## BRIEF
Give the data again exactly as it appears, excluding any pictures.

Start of EXERCISE MATERIALS

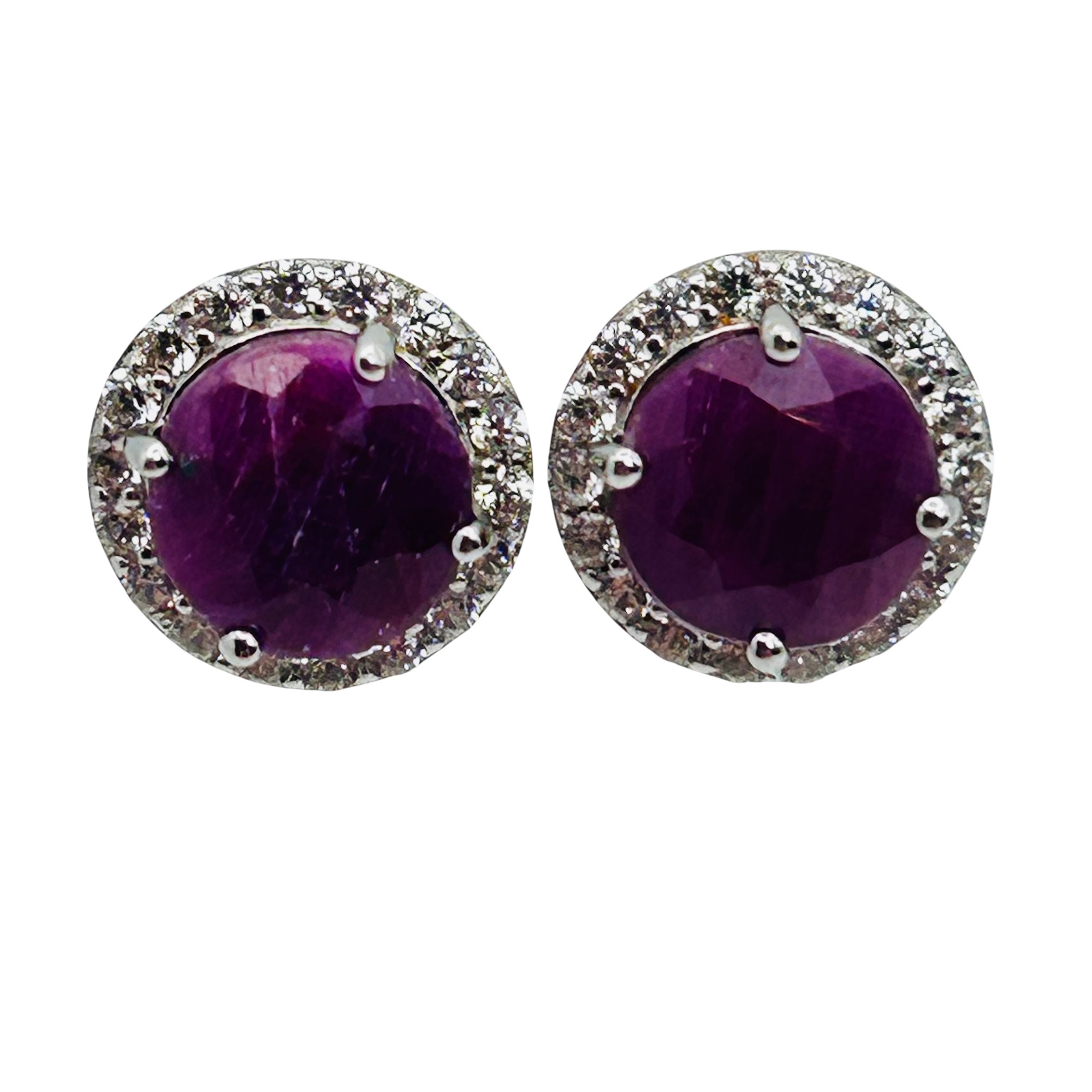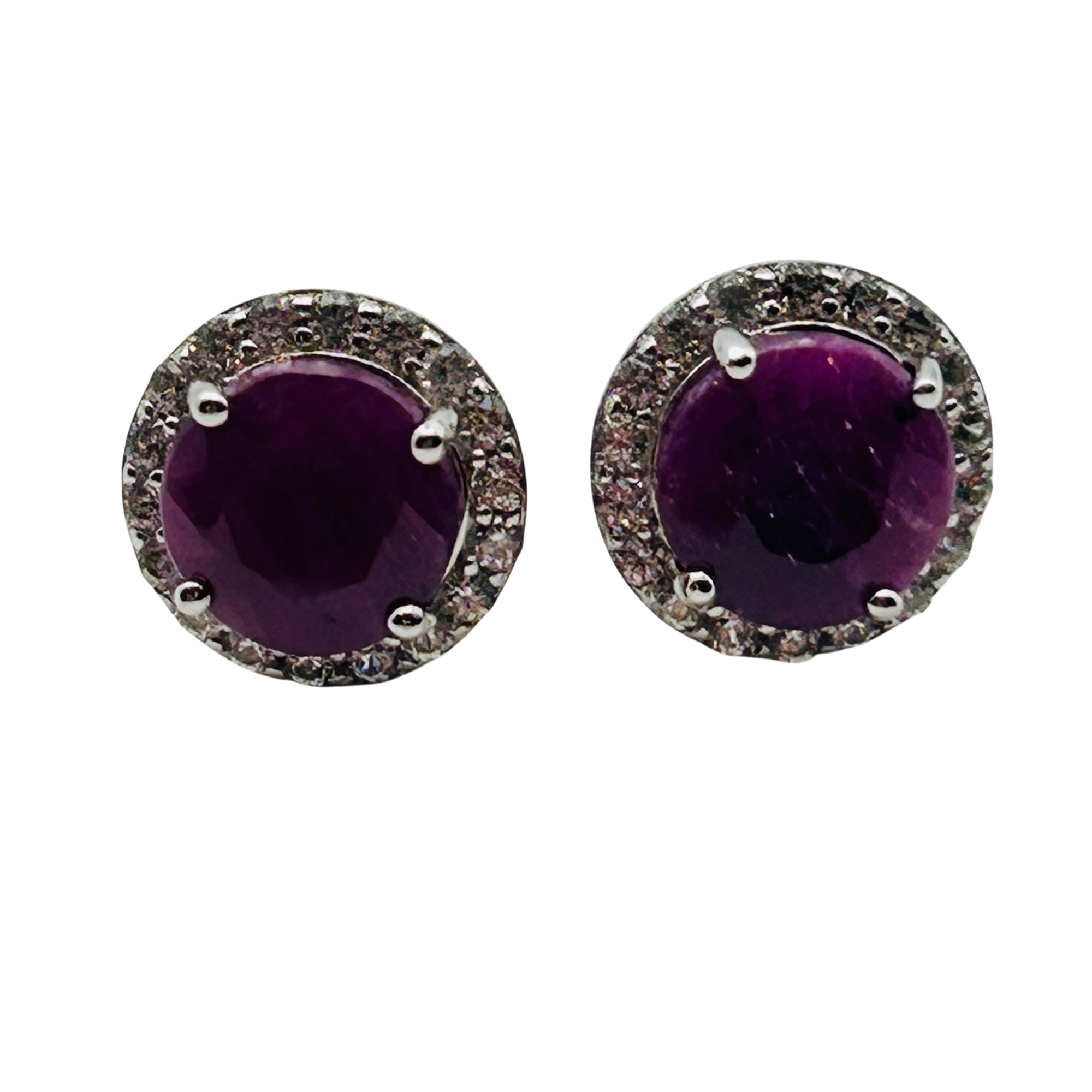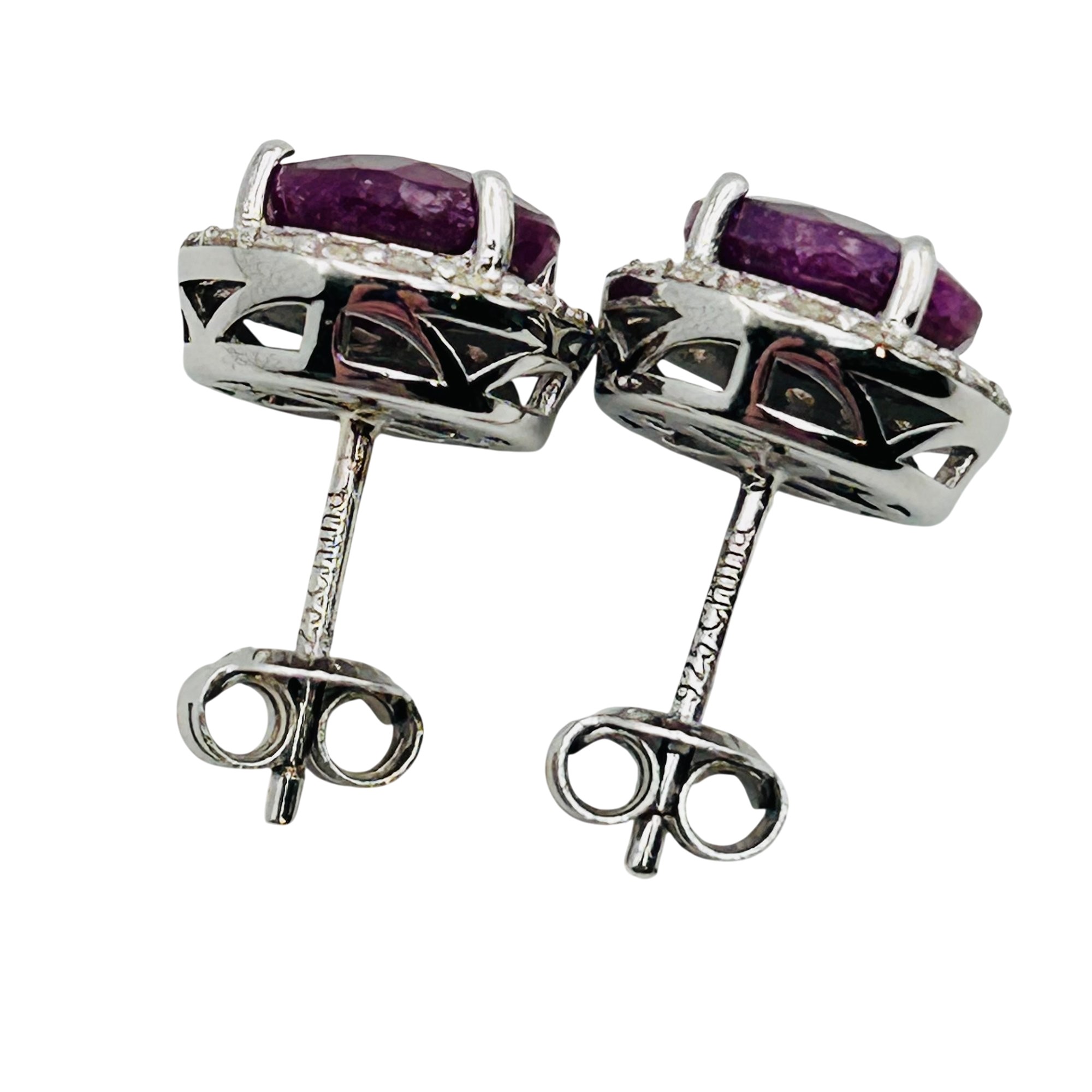 Sterling ruby and spinel halo stud earrings. 3.70g
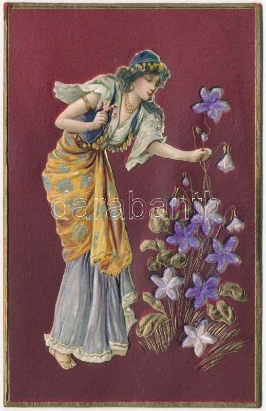 Beschreibung: 1907 Dombornyomott rátétes litho üdvözlőlap / Embossed litho greeting
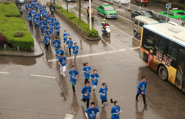 约8点50分,活动正式开始。第一方阵的活动路线从安庆科技广场出发,终点设于安庆市现代妇产科医院。途中,天气由阴转雨,主办方备有一次性雨衣,参跑学生和志愿者身穿蓝色雨衣,雨中奔跑。由于一次性雨衣数量有限,威尼斯官网部分学生雨中奔跑,他们表示,尽管下雨了也会坚持跑完,这是自己能够为自闭症儿童做的力所能及的事。
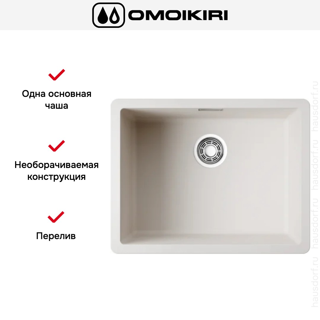 Необорачиваемую мойку можно установить только в одном положении — поэтому при наличии крыла необходимо заранее продумать, как вы хотите ее разместить. Модель имеет одно отверстие для смесителя, может быть разной формы — круглой, квадратной, прямоугольной и нестандартной. Изготавливаются из разных материалов.
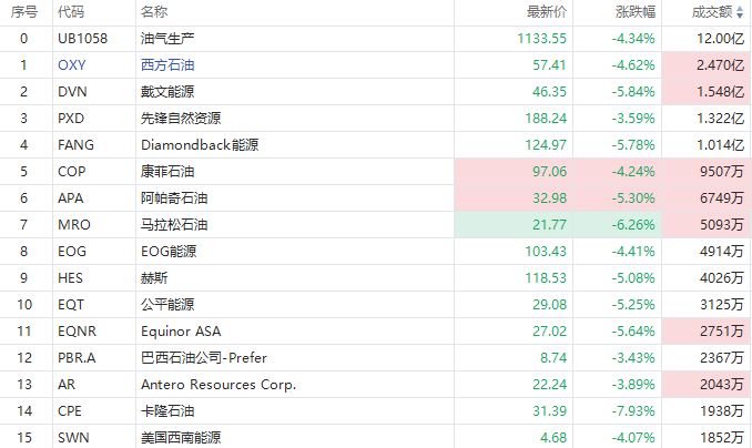 截至发稿,马拉松石油跌超6%,戴文能源跌超5%,阿帕奇石油跌超5%,康菲石油跌超4%,西方石油跌超4%,先锋自然资源跌超3%。
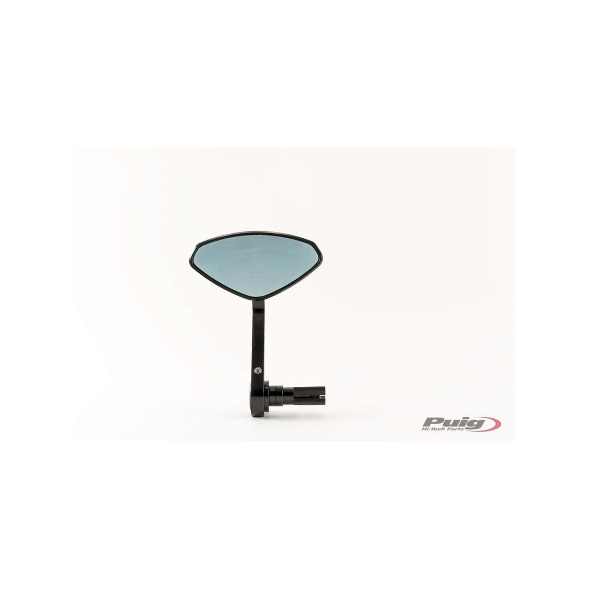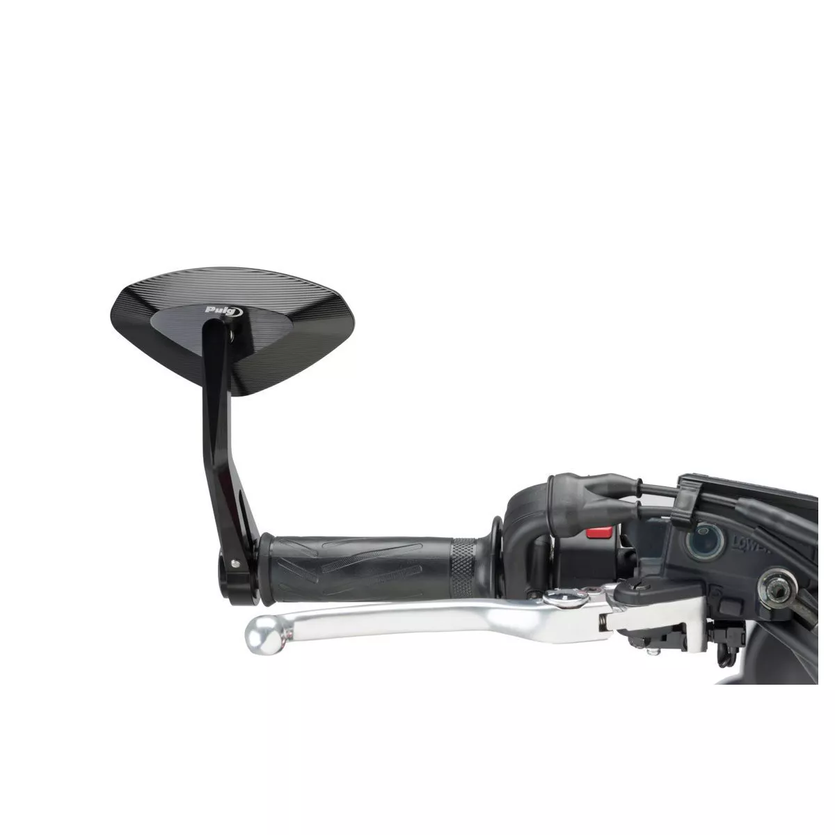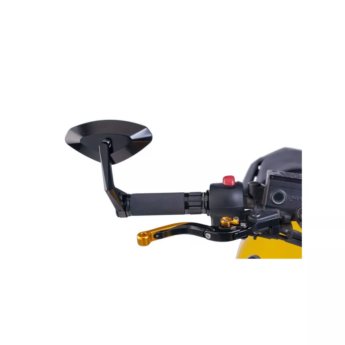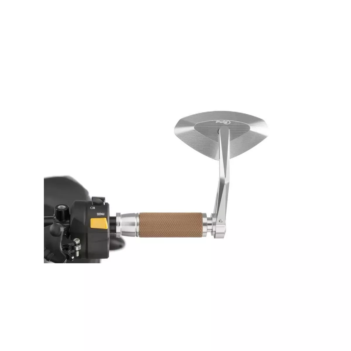 Fabriqué à partir d'un bloc d'aluminium anodisé à l'arrière, ce rétroviseur de la gamme HI-TECH de Puig a la particularité d'être monté sur l’embout de guidon de la moto. Pièce non homologuée.
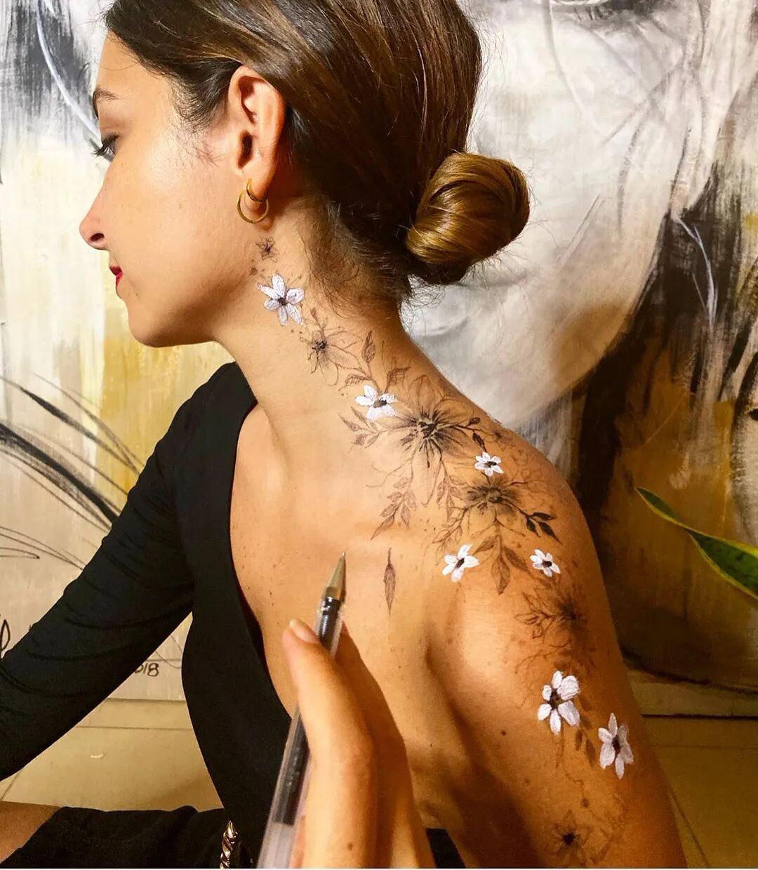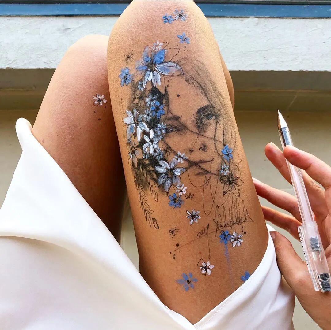 教授对于她画技的肯定 给了她莫大的鼓励和自信 于是她开始不满足于偷偷的在腿上作画 也开始在手背上作画 她的画作也收获了一些同学和朋友的喜欢 会请她帮忙在后背、肩膀上等画画

End of EXERCISE MATERIALS

## ANSWER SPACE
 Sterling ruby and spinel halo stud earrings. 3.70g
 Beschreibung: 1907 Dombornyomott rátétes litho üdvözlőlap / Embossed litho greeting
 约8点50分,活动正式开始。第一方阵的活动路线从安庆科技广场出发,终点设于安庆市现代妇产科医院。途中,天气由阴转雨,主办方备有一次性雨衣,参跑学生和志愿者身穿蓝色雨衣,雨中奔跑。由于一次性雨衣数量有限,威尼斯官网部分学生雨中奔跑,他们表示,尽管下雨了也会坚持跑完,这是自己能够为自闭症儿童做的力所能及的事。
 Необорачиваемую мойку можно установить только в одном положении — поэтому при наличии крыла необходимо заранее продумать, как вы хотите ее разместить. Модель имеет одно отверстие для смесителя, может быть разной формы — круглой, квадратной, прямоугольной и нестандартной. Изготавливаются из разных материалов.
 截至发稿,马拉松石油跌超6%,戴文能源跌超5%,阿帕奇石油跌超5%,康菲石油跌超4%,西方石油跌超4%,先锋自然资源跌超3%。
 Fabriqué à partir d'un bloc d'aluminium anodisé à l'arrière, ce rétroviseur de la gamme HI-TECH de Puig a la particularité d'être monté sur l’embout de guidon de la moto. Pièce non homologuée.
 教授对于她画技的肯定 给了她莫大的鼓励和自信 于是她开始不满足于偷偷的在腿上作画 也开始在手背上作画 她的画作也收获了一些同学和朋友的喜欢 会请她帮忙在后背、肩膀上等画画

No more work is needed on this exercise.